Elderly patients typically present with physical complaints, somatic complaints, agitation, or changes in intellectual functioning (memory impairment), making the diagnosis of depression difficult. Depressed older adults at highest risk for suicide are those who are aged 85 and older, have low self-esteem, and need to be in control. Even a frail nursing home resident with these characteristics may have the strength to kill herself.

Diaphoresis

Diaphoresis is profuse sweating — at times, amounting to more than 1 L of sweat per hour. This sign represents an autonomic nervous system response to physical or psychogenic stress or to a fever or high environmental temperature. When caused by stress, diaphoresis may be generalized or limited to the palms, soles, and forehead. When caused by a fever or high environmental temperature, it’s usually generalized.

Diaphoresis usually begins abruptly and may be accompanied by other autonomic system signs, such as tachycardia and increased blood pressure. (See When Diaphoresis Spells Crisis, page 230.) However, this sign also varies with age because sweat glands function immaturely in infants and are less active in elderly patients. As a result, patients in these age groups may fail to display diaphoresis associated with its common causes. Intermittent diaphoresis may accompany chronic disorders characterized by a recurrent fever; isolated diaphoresis may mark an episode of acute pain or fever. Night sweats may characterize intermittent fever because body temperature tends to return to normal between 2 a.m. and 4 a.m. before rising again. (Temperature is usually lowest around 6 a.m.)
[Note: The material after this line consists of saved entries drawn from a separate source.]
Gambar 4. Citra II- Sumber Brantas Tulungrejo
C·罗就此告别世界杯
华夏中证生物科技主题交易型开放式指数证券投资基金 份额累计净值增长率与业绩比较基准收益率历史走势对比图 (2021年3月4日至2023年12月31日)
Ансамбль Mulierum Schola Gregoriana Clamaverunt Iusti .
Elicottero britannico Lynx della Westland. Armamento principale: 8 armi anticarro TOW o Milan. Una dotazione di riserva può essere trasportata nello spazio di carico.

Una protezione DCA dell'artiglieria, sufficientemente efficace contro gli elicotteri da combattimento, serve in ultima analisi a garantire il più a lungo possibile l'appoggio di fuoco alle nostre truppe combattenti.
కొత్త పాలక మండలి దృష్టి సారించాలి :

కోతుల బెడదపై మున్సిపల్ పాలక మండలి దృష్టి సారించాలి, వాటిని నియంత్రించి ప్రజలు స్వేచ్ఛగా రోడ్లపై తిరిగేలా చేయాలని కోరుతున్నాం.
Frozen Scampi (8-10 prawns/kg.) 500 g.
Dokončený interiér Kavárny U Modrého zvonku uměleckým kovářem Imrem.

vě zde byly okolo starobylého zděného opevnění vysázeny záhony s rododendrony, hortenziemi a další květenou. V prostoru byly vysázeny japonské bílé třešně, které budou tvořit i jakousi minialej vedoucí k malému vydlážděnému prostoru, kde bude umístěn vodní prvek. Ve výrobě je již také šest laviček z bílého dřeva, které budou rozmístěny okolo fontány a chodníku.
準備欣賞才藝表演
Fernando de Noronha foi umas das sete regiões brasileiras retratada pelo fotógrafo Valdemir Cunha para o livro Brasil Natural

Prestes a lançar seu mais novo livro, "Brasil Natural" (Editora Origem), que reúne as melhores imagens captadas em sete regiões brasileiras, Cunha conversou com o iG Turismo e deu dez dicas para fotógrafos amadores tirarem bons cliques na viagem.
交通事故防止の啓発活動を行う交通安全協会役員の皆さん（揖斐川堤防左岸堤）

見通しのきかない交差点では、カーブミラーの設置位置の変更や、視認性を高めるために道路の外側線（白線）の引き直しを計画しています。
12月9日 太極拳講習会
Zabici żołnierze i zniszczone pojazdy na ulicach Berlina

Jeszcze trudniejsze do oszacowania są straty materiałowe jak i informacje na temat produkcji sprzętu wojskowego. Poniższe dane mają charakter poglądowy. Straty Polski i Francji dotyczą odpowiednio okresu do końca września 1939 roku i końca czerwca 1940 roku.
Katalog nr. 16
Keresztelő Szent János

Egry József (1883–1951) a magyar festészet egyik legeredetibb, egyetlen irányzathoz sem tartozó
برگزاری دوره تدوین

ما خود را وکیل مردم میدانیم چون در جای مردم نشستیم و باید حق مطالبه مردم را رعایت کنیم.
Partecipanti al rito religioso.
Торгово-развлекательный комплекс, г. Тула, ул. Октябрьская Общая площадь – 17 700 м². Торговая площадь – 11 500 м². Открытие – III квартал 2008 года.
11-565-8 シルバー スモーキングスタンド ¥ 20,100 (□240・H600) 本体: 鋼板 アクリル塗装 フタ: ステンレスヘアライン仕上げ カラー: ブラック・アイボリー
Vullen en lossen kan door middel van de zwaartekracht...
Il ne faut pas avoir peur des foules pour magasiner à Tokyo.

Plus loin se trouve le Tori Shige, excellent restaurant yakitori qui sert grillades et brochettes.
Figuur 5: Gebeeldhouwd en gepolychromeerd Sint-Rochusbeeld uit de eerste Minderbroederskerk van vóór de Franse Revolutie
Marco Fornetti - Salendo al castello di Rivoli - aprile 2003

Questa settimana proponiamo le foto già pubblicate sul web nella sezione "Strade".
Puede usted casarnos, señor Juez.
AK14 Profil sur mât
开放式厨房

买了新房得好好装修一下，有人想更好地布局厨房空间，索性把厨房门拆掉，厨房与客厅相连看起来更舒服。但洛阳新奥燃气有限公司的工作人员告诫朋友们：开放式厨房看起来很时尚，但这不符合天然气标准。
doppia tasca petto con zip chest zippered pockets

When caused by a high external temperature, diaphoresis is a normal response. Acclimatization usually requires several days of exposure to high temperatures; during this process, diaphoresis helps maintain normal body temperature. Diaphoresis also commonly occurs during menopause, preceded by a sensation of intense heat (a hot flash). Other causes include exercise or exertion that accelerates metabolism, creating internal heat, and mild to moderate anxiety that helps initiate the fight-or-flight response. (See Understanding Diaphoresis, pages 232 and 233.)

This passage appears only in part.